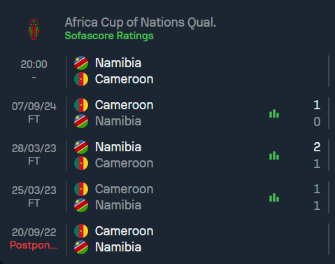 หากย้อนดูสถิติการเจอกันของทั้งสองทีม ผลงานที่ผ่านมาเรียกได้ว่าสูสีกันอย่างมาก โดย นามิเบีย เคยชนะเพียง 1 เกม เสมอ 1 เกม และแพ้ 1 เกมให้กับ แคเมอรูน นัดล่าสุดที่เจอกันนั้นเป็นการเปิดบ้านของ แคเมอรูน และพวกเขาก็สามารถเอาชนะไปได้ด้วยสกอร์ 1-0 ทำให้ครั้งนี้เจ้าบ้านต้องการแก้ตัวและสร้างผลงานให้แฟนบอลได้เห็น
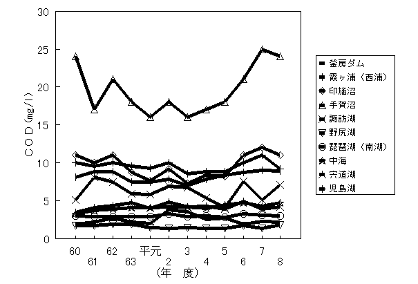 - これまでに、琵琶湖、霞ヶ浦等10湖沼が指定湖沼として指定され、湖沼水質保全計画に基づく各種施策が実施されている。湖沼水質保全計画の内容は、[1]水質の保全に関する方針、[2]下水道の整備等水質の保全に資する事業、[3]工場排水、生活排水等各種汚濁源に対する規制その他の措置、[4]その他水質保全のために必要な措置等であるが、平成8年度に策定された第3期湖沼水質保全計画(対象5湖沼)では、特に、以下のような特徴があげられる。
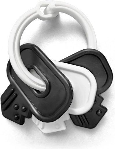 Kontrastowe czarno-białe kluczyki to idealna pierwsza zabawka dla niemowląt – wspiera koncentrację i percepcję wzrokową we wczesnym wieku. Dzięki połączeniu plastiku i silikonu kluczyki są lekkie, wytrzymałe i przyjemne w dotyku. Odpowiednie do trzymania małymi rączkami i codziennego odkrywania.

==

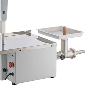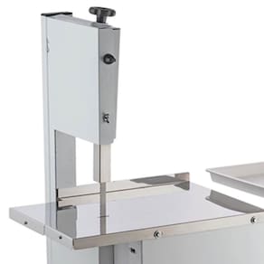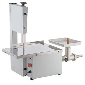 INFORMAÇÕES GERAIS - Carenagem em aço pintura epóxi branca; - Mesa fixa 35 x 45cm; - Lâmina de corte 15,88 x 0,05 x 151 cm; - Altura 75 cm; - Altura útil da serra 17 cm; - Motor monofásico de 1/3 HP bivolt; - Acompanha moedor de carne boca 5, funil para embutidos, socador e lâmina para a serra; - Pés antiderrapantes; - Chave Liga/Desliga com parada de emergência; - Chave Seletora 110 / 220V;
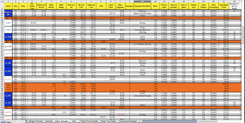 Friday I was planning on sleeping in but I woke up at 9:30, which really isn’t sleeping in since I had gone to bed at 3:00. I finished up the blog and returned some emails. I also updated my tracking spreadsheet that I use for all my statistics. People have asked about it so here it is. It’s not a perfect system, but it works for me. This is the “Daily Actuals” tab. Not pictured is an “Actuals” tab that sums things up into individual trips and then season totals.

Try it: Output only the lines above from the one containing "ผลงานที่ผ่านมาเรียกได้ว่าสูสีกันอย่างมาก โดย นามิเบีย" to the one containing "Kontrastowe czarno-białe kluczyki", both included, exactly as written and with no pictures.

Your response:
 หากย้อนดูสถิติการเจอกันของทั้งสองทีม ผลงานที่ผ่านมาเรียกได้ว่าสูสีกันอย่างมาก โดย นามิเบีย เคยชนะเพียง 1 เกม เสมอ 1 เกม และแพ้ 1 เกมให้กับ แคเมอรูน นัดล่าสุดที่เจอกันนั้นเป็นการเปิดบ้านของ แคเมอรูน และพวกเขาก็สามารถเอาชนะไปได้ด้วยสกอร์ 1-0 ทำให้ครั้งนี้เจ้าบ้านต้องการแก้ตัวและสร้างผลงานให้แฟนบอลได้เห็น
 - これまでに、琵琶湖、霞ヶ浦等10湖沼が指定湖沼として指定され、湖沼水質保全計画に基づく各種施策が実施されている。湖沼水質保全計画の内容は、[1]水質の保全に関する方針、[2]下水道の整備等水質の保全に資する事業、[3]工場排水、生活排水等各種汚濁源に対する規制その他の措置、[4]その他水質保全のために必要な措置等であるが、平成8年度に策定された第3期湖沼水質保全計画(対象5湖沼)では、特に、以下のような特徴があげられる。
 Kontrastowe czarno-białe kluczyki to idealna pierwsza zabawka dla niemowląt – wspiera koncentrację i percepcję wzrokową we wczesnym wieku. Dzięki połączeniu plastiku i silikonu kluczyki są lekkie, wytrzymałe i przyjemne w dotyku. Odpowiednie do trzymania małymi rączkami i codziennego odkrywania.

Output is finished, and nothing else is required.